**Activity**
Retype word for word the stretch of entries below from the line that has "配管は家の隙間、泥の中を通る" through the line that has "Another user further", and omit the pictures.

**Given information**
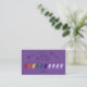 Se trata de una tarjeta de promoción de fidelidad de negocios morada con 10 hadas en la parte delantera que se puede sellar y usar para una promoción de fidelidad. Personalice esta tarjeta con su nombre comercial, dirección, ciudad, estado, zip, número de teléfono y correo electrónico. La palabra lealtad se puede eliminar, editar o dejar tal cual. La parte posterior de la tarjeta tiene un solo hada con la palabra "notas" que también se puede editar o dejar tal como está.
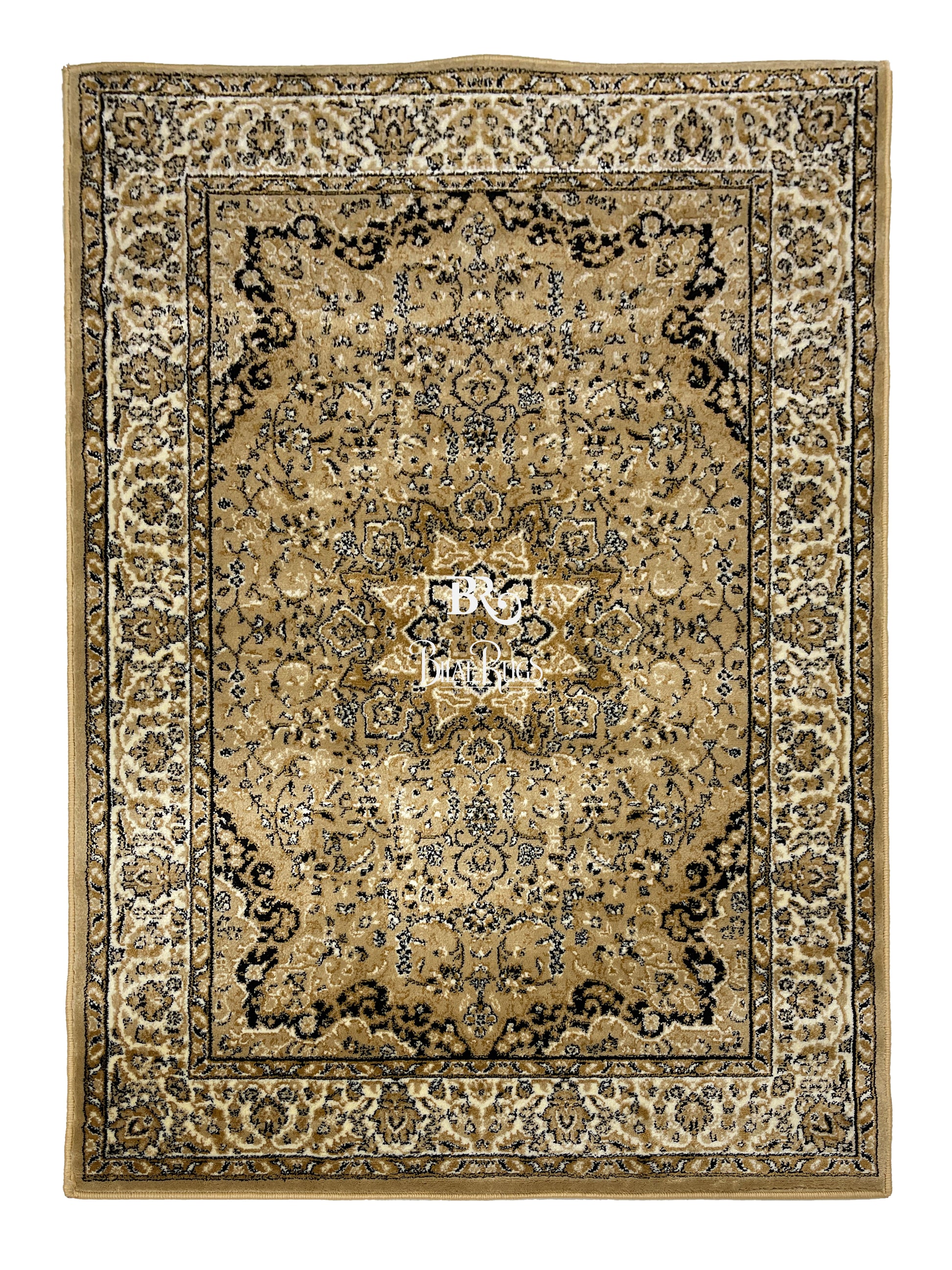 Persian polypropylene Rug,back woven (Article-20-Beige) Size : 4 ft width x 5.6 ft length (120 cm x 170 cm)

* * *

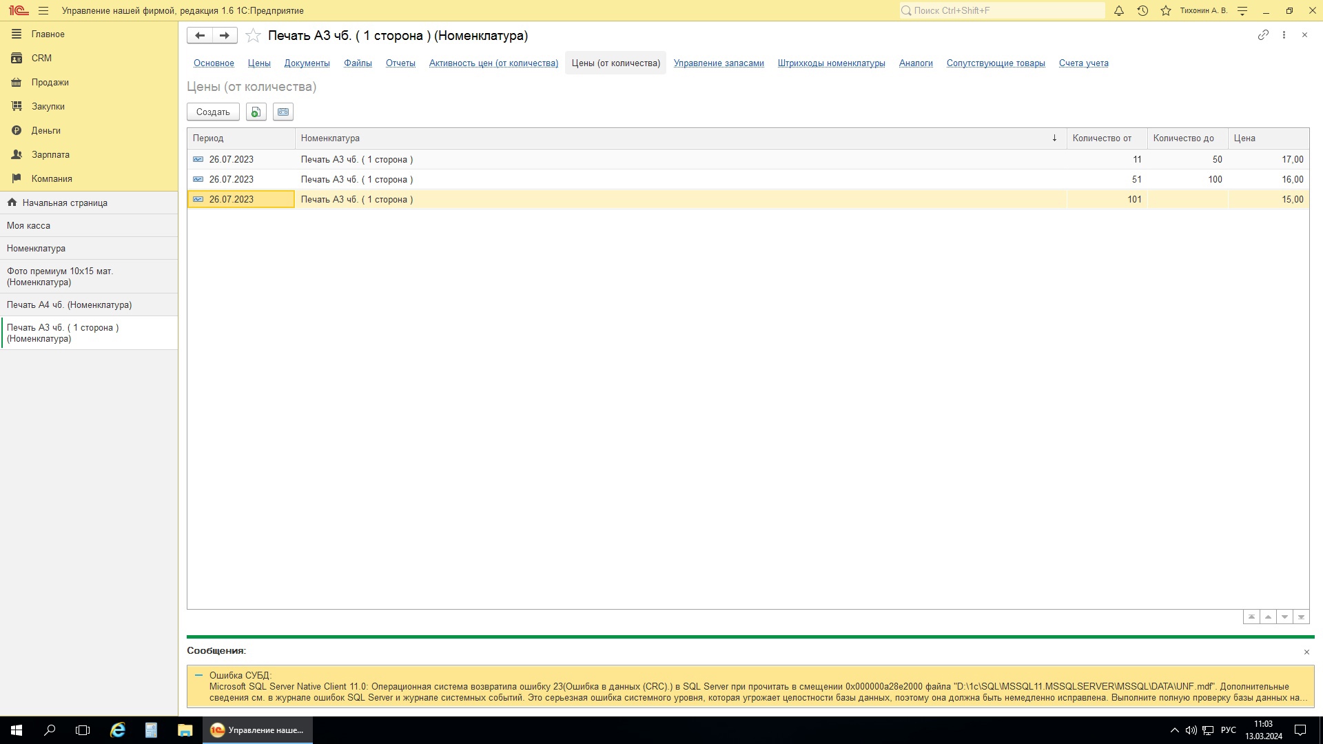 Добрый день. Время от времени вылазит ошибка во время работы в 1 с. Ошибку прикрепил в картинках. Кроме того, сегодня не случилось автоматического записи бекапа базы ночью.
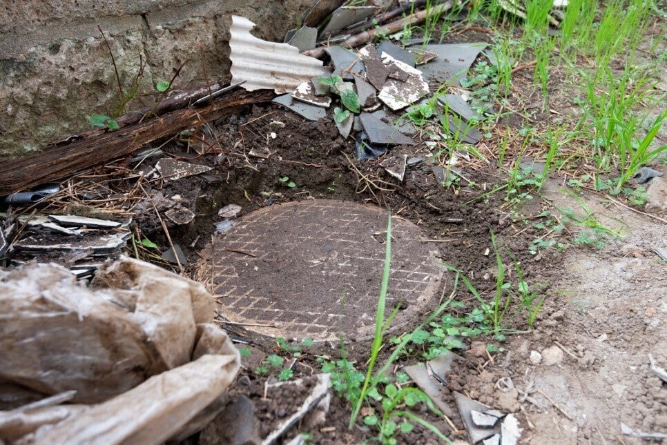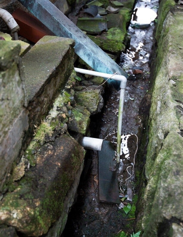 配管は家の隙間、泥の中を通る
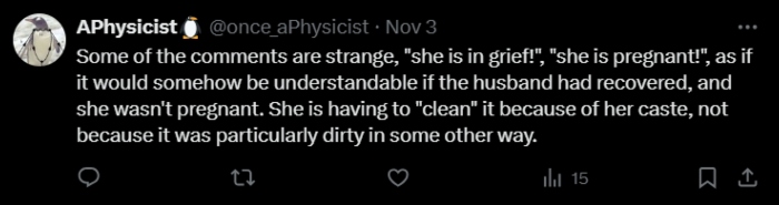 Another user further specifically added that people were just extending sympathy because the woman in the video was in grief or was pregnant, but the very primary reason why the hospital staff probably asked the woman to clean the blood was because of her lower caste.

* * *

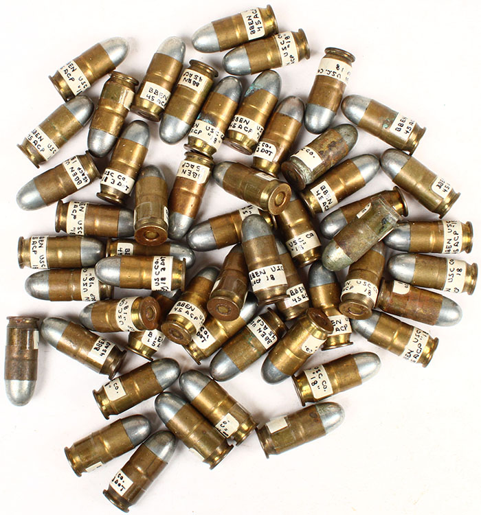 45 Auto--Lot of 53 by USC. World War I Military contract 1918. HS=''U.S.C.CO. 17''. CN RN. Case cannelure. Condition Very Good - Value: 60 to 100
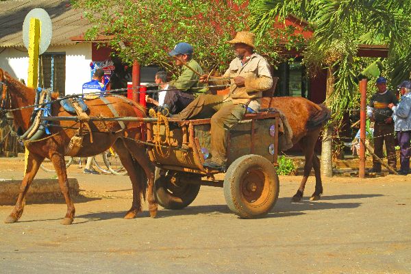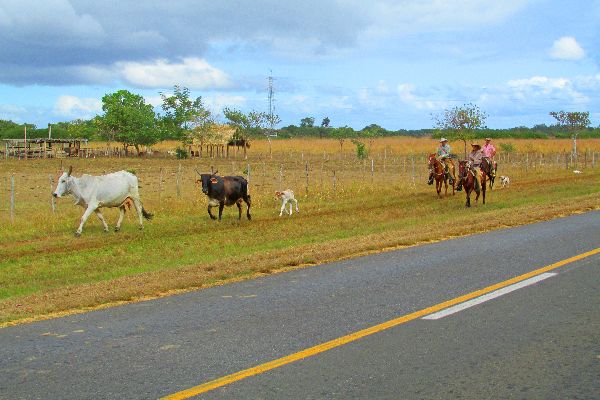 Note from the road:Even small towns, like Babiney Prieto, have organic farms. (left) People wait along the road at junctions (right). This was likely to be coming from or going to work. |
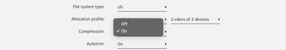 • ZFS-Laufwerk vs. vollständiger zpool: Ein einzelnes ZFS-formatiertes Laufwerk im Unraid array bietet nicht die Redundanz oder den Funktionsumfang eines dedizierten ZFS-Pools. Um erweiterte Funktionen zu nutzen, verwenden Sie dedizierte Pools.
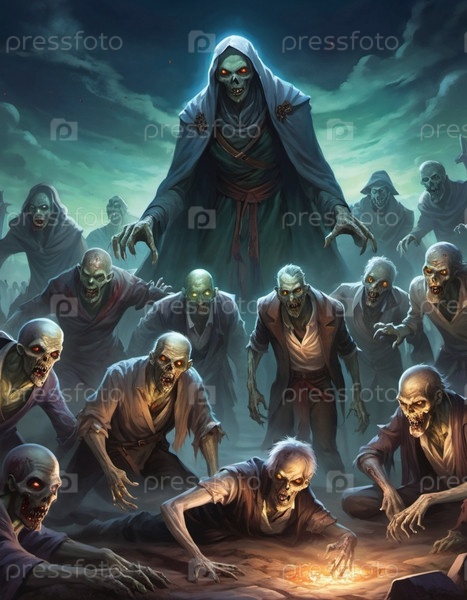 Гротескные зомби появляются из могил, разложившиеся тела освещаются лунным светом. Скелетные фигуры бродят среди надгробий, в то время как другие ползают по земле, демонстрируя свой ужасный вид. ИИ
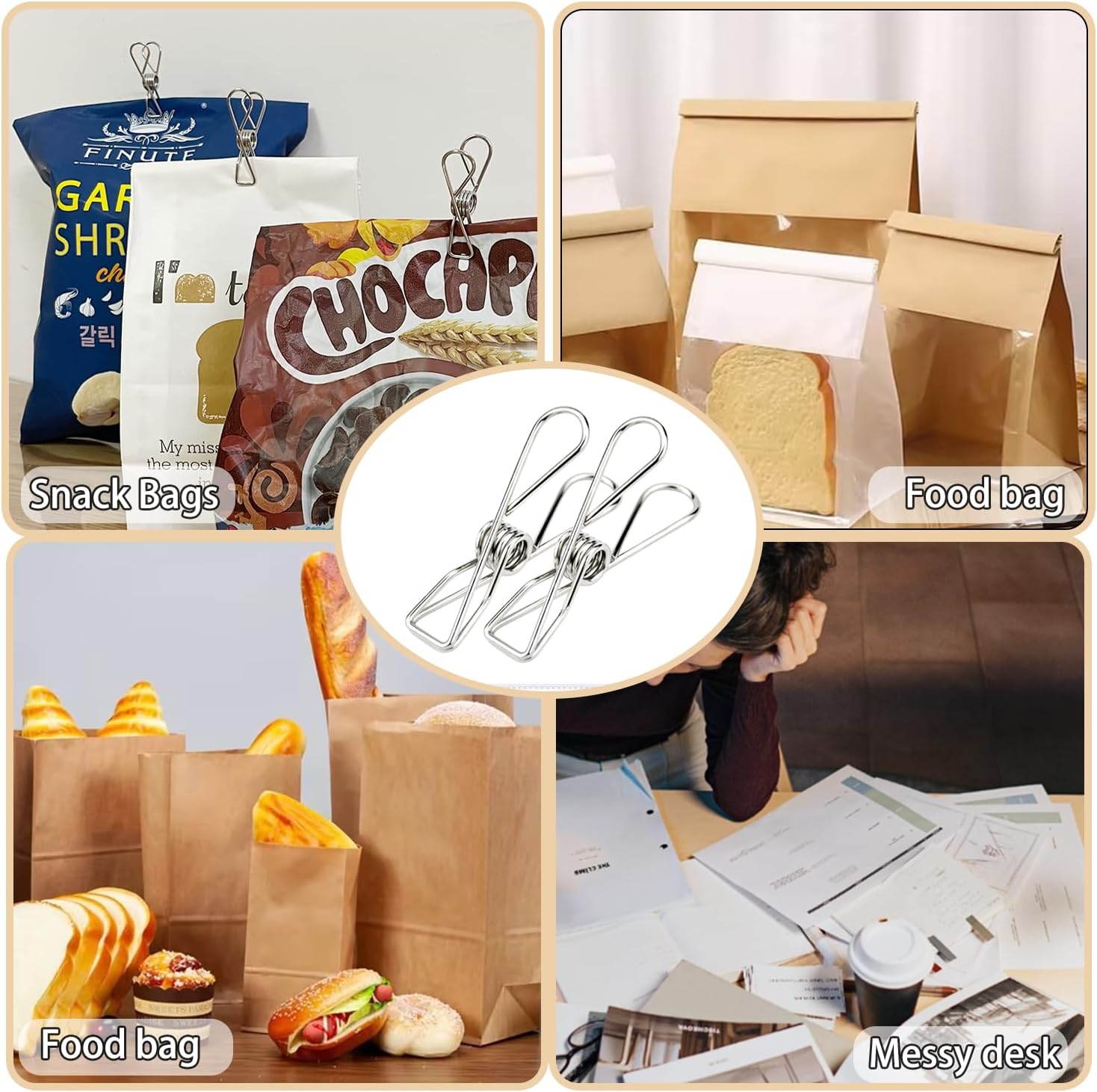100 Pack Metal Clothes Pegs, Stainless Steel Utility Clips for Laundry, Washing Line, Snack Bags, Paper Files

**Response**
 配管は家の隙間、泥の中を通る
 Another user further specifically added that people were just extending sympathy because the woman in the video was in grief or was pregnant, but the very primary reason why the hospital staff probably asked the woman to clean the blood was because of her lower caste.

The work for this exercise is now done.